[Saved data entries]
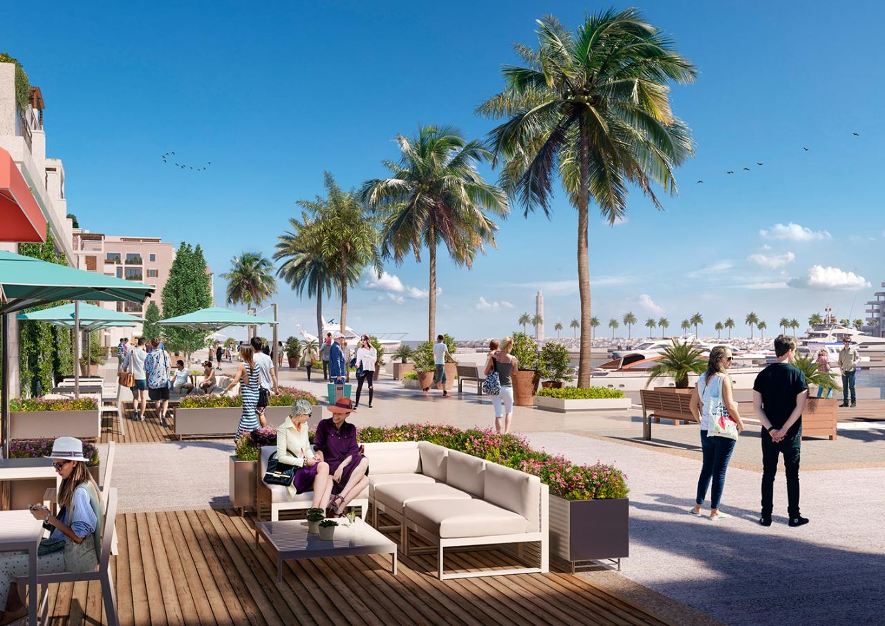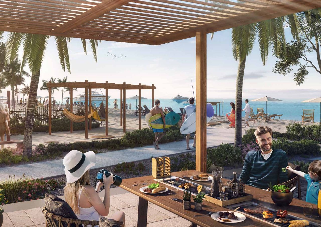 The development includes amenities such as BBQ areas, beach access, beach volleyball, fitness center, marina & yacht club, mosque, shopping mall, sports court, and water activities.
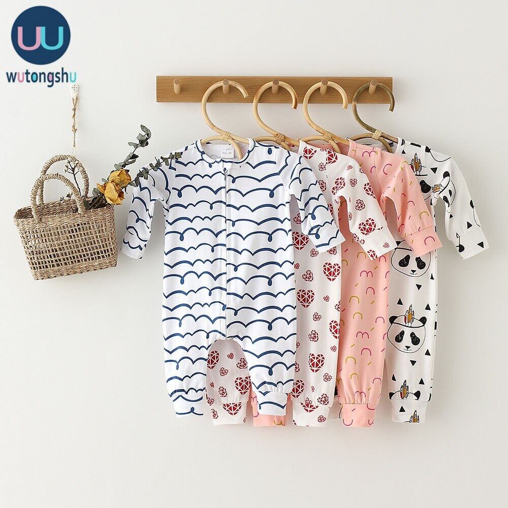 ベビーロンパース長袖綿 100% リネン印刷パターン新生児女の赤ちゃん服ベビーボーイワンピース衣装幼児ロンパース ロング コットン
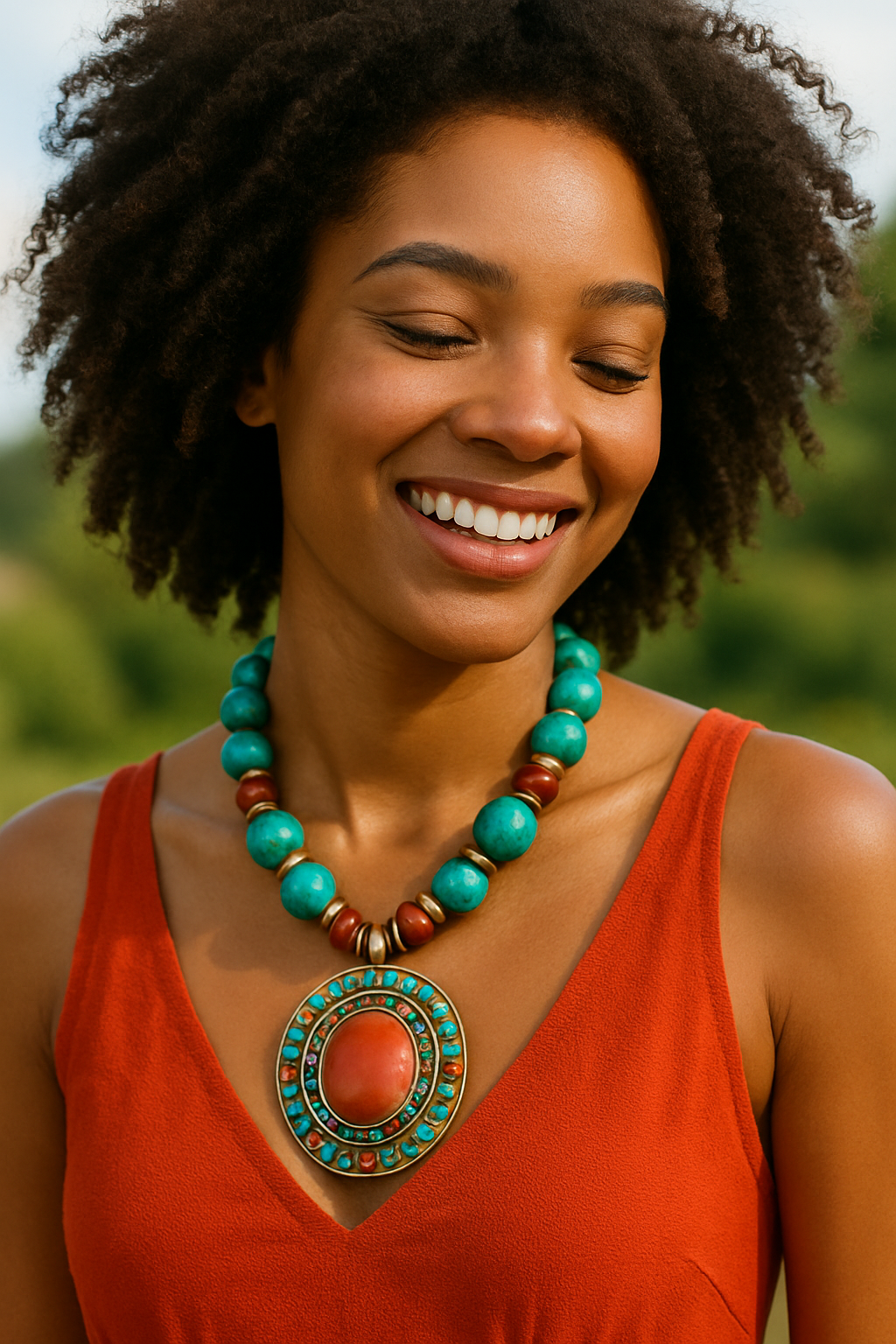 This bold bohemian necklace is a true statement piece, designed to turn heads and elevate any outfit with artistic flair. Featuring chunky turquoise beads interspersed with rich brass and earthy wood-toned accents, it draws the eye to its large, ornate focal pendant. The pendant showcases a vivid red-orange center stone surrounded by concentric rows of colorful beads in turquoise and coral hues, set in an antique gold-tone frame with intricate detailing. Perfect for pairing with a simple dress or flowing top, this necklace brings a vibrant, global-inspired charm that’s both earthy and elegant.
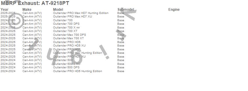 Outlander 500, Outlander 500 2WD, Outlander 500 DPS, Outlander 700, Outlander 700 DPS, Outlander 700 X mr, Outlander 700 XT, Outlander PRO HD5, Outlander PRO HD5 Hunting Edition, Outlander PRO HD5 XU, Outlander PRO HD7, Outlander PRO HD7 Hunting Edition, Outlander PRO HD7 XU, Can-Am (ATV), 2025, 2024
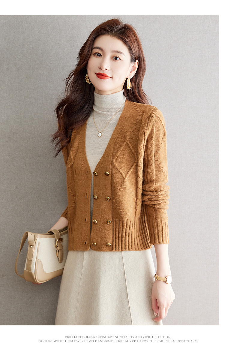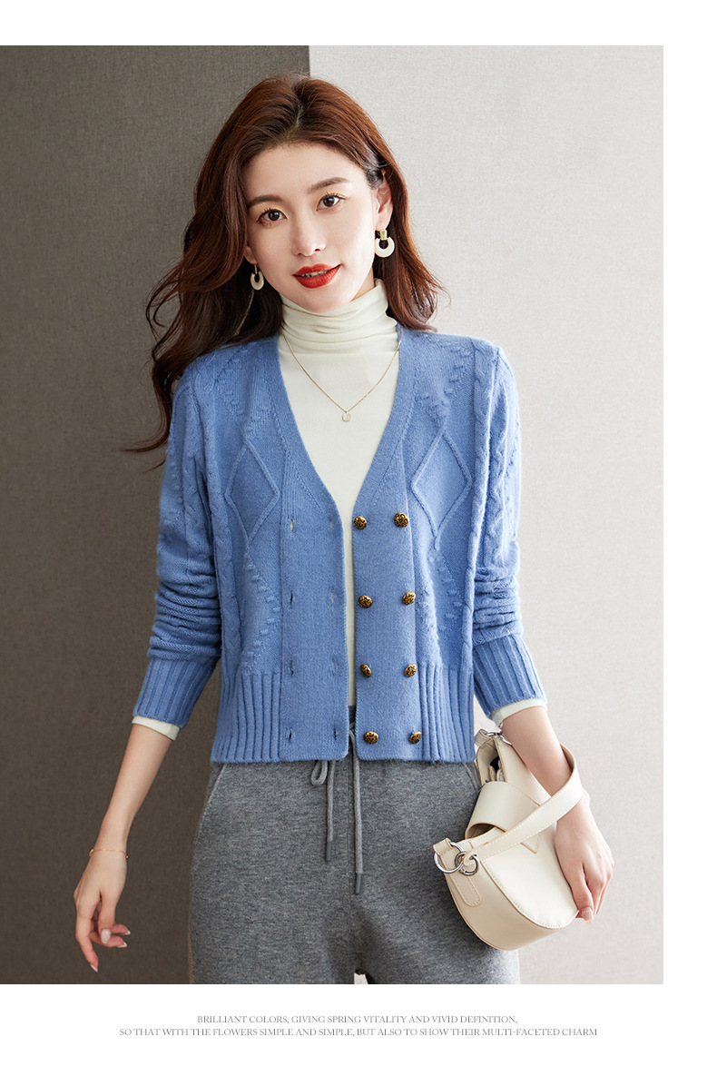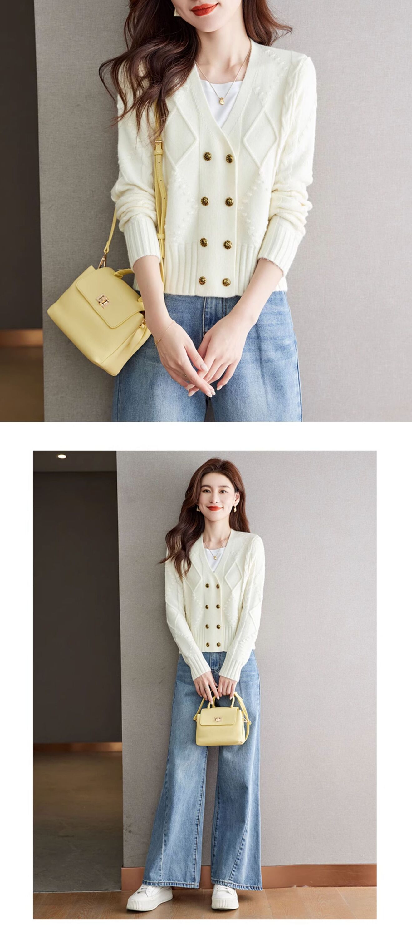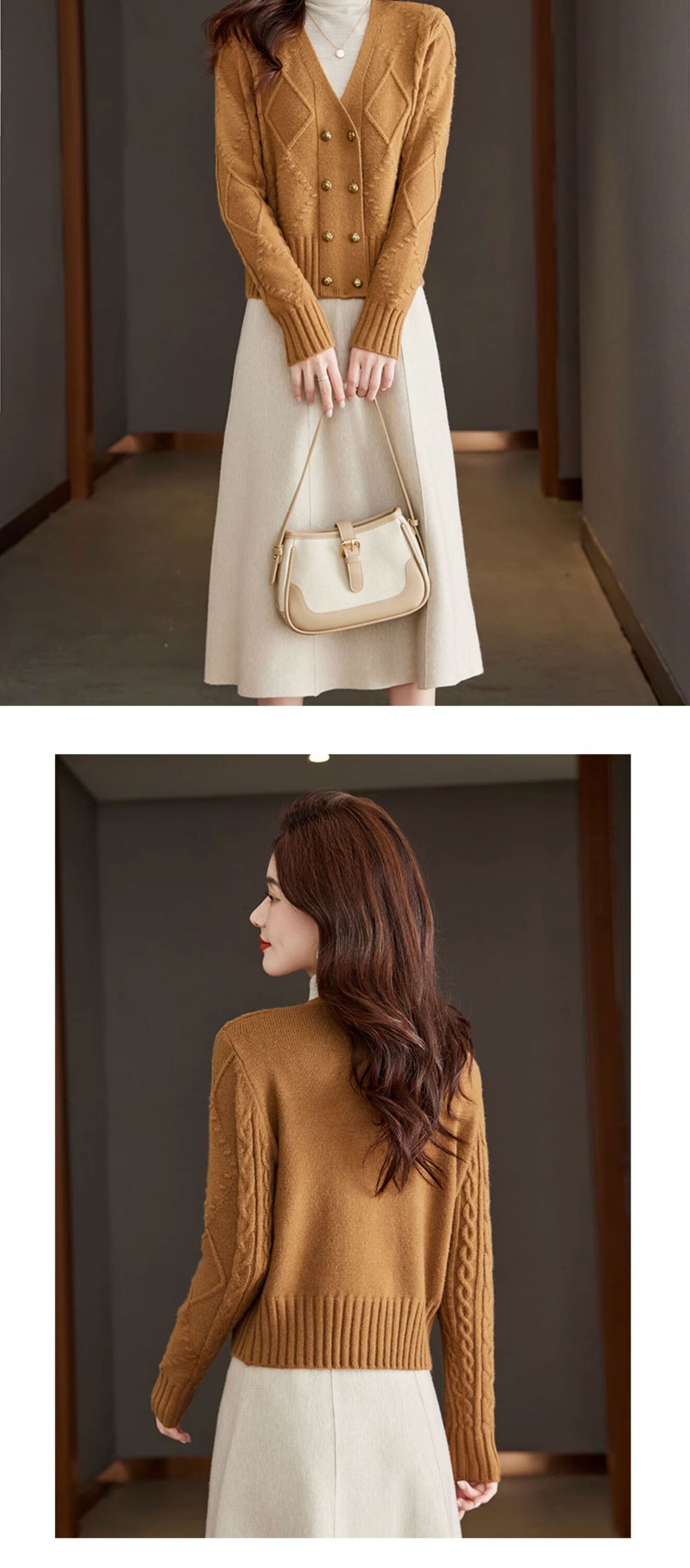 双排扣v领针织开衫,春秋新款早秋高腰外搭上衣毛衣外套CC-J237

* THE PROBLEM: Set down every entry above without alteration, but print no images.

* RESULT OF THE TASK:
 The development includes amenities such as BBQ areas, beach access, beach volleyball, fitness center, marina & yacht club, mosque, shopping mall, sports court, and water activities.
 ベビーロンパース長袖綿 100% リネン印刷パターン新生児女の赤ちゃん服ベビーボーイワンピース衣装幼児ロンパース ロング コットン
 This bold bohemian necklace is a true statement piece, designed to turn heads and elevate any outfit with artistic flair. Featuring chunky turquoise beads interspersed with rich brass and earthy wood-toned accents, it draws the eye to its large, ornate focal pendant. The pendant showcases a vivid red-orange center stone surrounded by concentric rows of colorful beads in turquoise and coral hues, set in an antique gold-tone frame with intricate detailing. Perfect for pairing with a simple dress or flowing top, this necklace brings a vibrant, global-inspired charm that’s both earthy and elegant.
 Outlander 500, Outlander 500 2WD, Outlander 500 DPS, Outlander 700, Outlander 700 DPS, Outlander 700 X mr, Outlander 700 XT, Outlander PRO HD5, Outlander PRO HD5 Hunting Edition, Outlander PRO HD5 XU, Outlander PRO HD7, Outlander PRO HD7 Hunting Edition, Outlander PRO HD7 XU, Can-Am (ATV), 2025, 2024
 双排扣v领针织开衫,春秋新款早秋高腰外搭上衣毛衣外套CC-J237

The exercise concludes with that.